Given records:
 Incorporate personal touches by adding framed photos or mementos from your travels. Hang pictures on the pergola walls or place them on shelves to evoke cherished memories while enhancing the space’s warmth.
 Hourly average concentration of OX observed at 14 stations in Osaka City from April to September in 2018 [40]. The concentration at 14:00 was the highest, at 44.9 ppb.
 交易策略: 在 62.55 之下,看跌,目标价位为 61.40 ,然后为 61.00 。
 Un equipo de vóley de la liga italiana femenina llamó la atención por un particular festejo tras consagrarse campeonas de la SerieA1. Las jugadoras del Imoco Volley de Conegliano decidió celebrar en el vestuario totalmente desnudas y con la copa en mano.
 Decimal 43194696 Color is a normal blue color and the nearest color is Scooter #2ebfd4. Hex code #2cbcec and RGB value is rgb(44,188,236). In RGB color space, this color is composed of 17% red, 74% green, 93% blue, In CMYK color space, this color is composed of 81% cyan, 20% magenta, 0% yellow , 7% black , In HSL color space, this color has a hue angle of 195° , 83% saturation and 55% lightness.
---
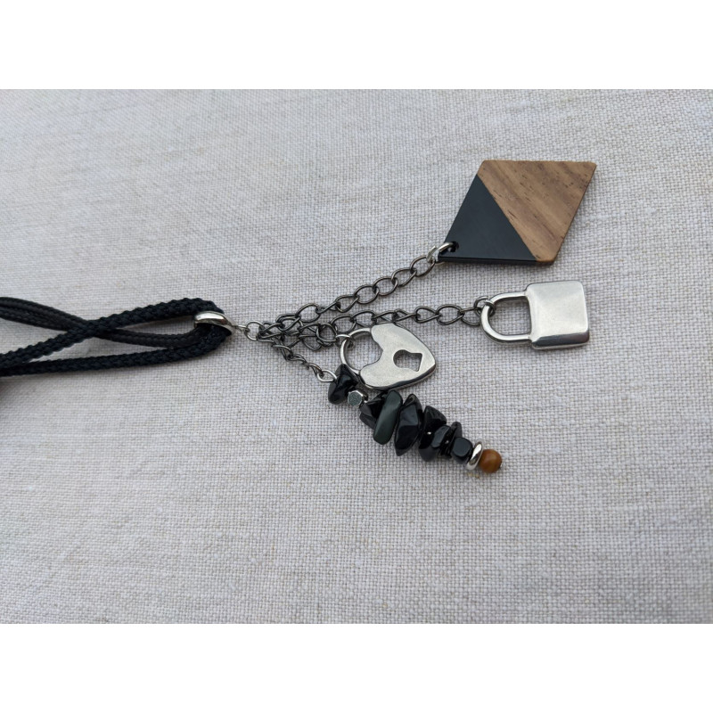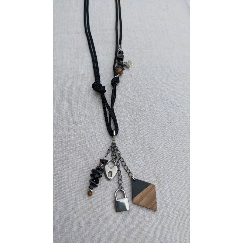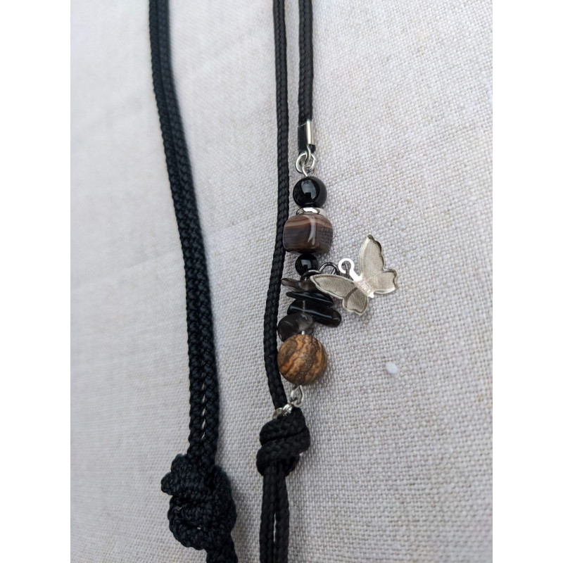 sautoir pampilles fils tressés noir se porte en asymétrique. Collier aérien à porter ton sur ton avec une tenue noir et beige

Problem statement: Set down exactly the lines of the data above, beginning with the line that has "Hourly average concentration" and ending with the line that has "Decimal 43194696 Color", and no others.

Output for this exercise:
 Hourly average concentration of OX observed at 14 stations in Osaka City from April to September in 2018 [40]. The concentration at 14:00 was the highest, at 44.9 ppb.
 交易策略: 在 62.55 之下,看跌,目标价位为 61.40 ,然后为 61.00 。
 Un equipo de vóley de la liga italiana femenina llamó la atención por un particular festejo tras consagrarse campeonas de la SerieA1. Las jugadoras del Imoco Volley de Conegliano decidió celebrar en el vestuario totalmente desnudas y con la copa en mano.
 Decimal 43194696 Color is a normal blue color and the nearest color is Scooter #2ebfd4. Hex code #2cbcec and RGB value is rgb(44,188,236). In RGB color space, this color is composed of 17% red, 74% green, 93% blue, In CMYK color space, this color is composed of 81% cyan, 20% magenta, 0% yellow , 7% black , In HSL color space, this color has a hue angle of 195° , 83% saturation and 55% lightness.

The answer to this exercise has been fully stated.